Now for the interesting part ! Let’s fill the GenerateEnumAndAddToDico method:
const string relativeAnimExtensionFileName = "/AnimatorEnumExtension.cs"; // path of the AnimatorEnumExtension script relative to Assets
void GenerateEnumAndAddToDico()
{
// create the enum file
string template = File.ReadAllText(MetaGenUtility.templatePath + "FloatEnum.txt");
string scriptText = string.Format(template, namespaceName, string.Join(", ", enumValueNames));
File.WriteAllText(MetaGenUtility.generatePath + $"AnimatorEnum_{target.runtimeAnimatorController.name}.cs", scriptText);
// add some entries to the floatEnumToName dictionary
AnimatorControllerParameter[] floatParameters = target.parameters.Where((p) => p.type == AnimatorControllerParameterType.Float).ToArray();
string dicoEntries = "";
for (int i = 0; i < floatParameters.Length; i++)
dicoEntries += $"{{ {namespaceName}.Float.{enumValueNames[i]}, \"{floatParameters[i].name}\" }}, {Environment.NewLine}";
dicoEntries += Environment.NewLine;
AddToFileAtMarker(Application.dataPath + relativeAnimExtensionFileName, dicoEntries, "/// EXTEND_FLOAT");
}
void AddToFileAtMarker(string fileName, string toAdd, string extendMarker)
{
string text = File.ReadAllText(fileName);
if (!text.Contains(extendMarker))
throw new FormatException(string.Format("Couldnt find marker {0} in {1} !", extendMarker, fileName));
text = text.Replace(extendMarker, toAdd + extendMarker);
File.WriteAllText(fileName, text);
}Creating the enum script is pretty straight forward, we do the same we did for the previous example.

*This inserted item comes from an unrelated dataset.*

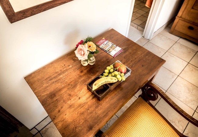 Perfectly suited for a couple, Boerfontein Garden Suite has one bedroom furnished with a double bed and an en-suite bathroom with a shower. Bed linen and towels are provided as are complimentary toiletries.
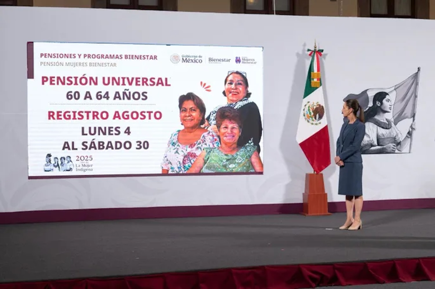 Destacó que, a estas políticas se suma la Pensión Mujeres Bienestar, que ya beneficia un millón 107 mil 69 mujeres y cuyo registro para todas las mexicanas entre 60 y 64 años abre del 4 al 30 de agosto, con lo que se estima que a finales de año se tengan 3 millones de beneficiarias. En tanto que a partir del 30 de abril iniciará la construcción de los primeros cinco Centros de Educación y Cuidado Infantil (CECI) del Instituto Mexicano del Seguro Social (IMSS) en Ciudad Juárez, Chihuahua, de un total de 200 que serán edificados en todo el país en beneficio de las mujeres trabajadoras.

To write in the AnimatorEnumExtension.cs file we use the AddToFileAtMarker method that will insert some text at the marker position in a given file.
For every enum values we generated we create a string in the form:
{ (namespace).Float.(enum value name), “(corresponding parameter name)” }
And then add all of those strings in the script.
We can now use the SetFloat and GetFloat method of an animator using an enum, removing the possibility of making a mistake when typing a parameter name !
Conclusion
With these 2 examples you should now have a good idea of how to meta program in Unity !
A needed amelioration would be checking if the fields values will create valid scripts in the editor window before generating.
In the Concurrent Value asset I use this technique to create new Calculator class (discussed in the previous article). Meta programming can be very useful in some situations !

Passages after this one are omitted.